Otolaryngology-Head and Neck Surgery | 2016
Catherine Brophy; James Stewart; Neil O’Donovan; Julie McCarthy; Matthew S. Murphy; Patrick Sheahan
Objective Adverse sonographic features such as microcalcification may predict increased likelihood of malignant cytology by fine-needle aspiration and, accordingly, increased risk of malignant histology. Our objective was to study the predictive value of microcalcifications and other sonographic features for malignancy among thyroid nodules with benign or indeterminate cytology.
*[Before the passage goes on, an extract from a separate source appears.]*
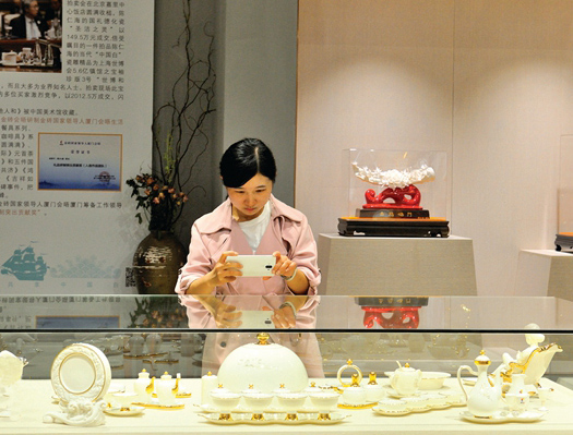 在中國白藝術(shù)宮展廳里,各類制作精美的日用家居瓷整齊地擺放著,其中,去年入選金磚國家領(lǐng)導(dǎo)人廈門會晤國宴瓷的《四海同心》系列作品尤為引人注目。這套系列作品主要包括餐具套裝、金磚元首杯、茶咖系列套裝和洗漱套裝等。“不論是餐廳里的餐具、酒具、咖啡具,還是書房里的文房用具,或是洗手間的洗浴用具,應(yīng)有盡有。”該系列作品創(chuàng)作者陳仁海笑著說。

Study Design Case series with chart review. Setting Academic teaching hospital. Subjects Patients (N = 769) with 858 thyroid nodules undergoing 1142 ultrasound fine-needle aspirations; 411 cases had surgical correlation. Methods Sonographic features predictive of malignancy were correlated with malignancy as determined by histology. Incidental malignancies occurring outside the index nodule were discounted. Results Cytology was inadequate (87 cases), benign (518), indeterminate (210), and malignant (44). In 32 cases, initial benign cytology was upgraded to a higher-risk category after repeat ultrasound fine-needle aspiration. Microcalcification (P = .001) and irregular margins (P = .04) were significantly predictive of malignant cytology. Among surgical cases, microcalcification (P < .001) and irregular margins (P = .04) were significantly predictive of malignant histology; 170 patients with initial benign cytology and 161 with indeterminate cytology underwent surgery. Microcalcification was significantly associated with malignancy among cases with indeterminate cytology (P = .04) but not among cases with benign cytology (P = .23); however, only 13 of 33 cases with benign cytology and microcalcifications underwent surgery. Conclusion Presence of microcalcification increases the risk of malignancy in thyroid nodules with indeterminate cytology and may thus aid in selection of cases for surgery.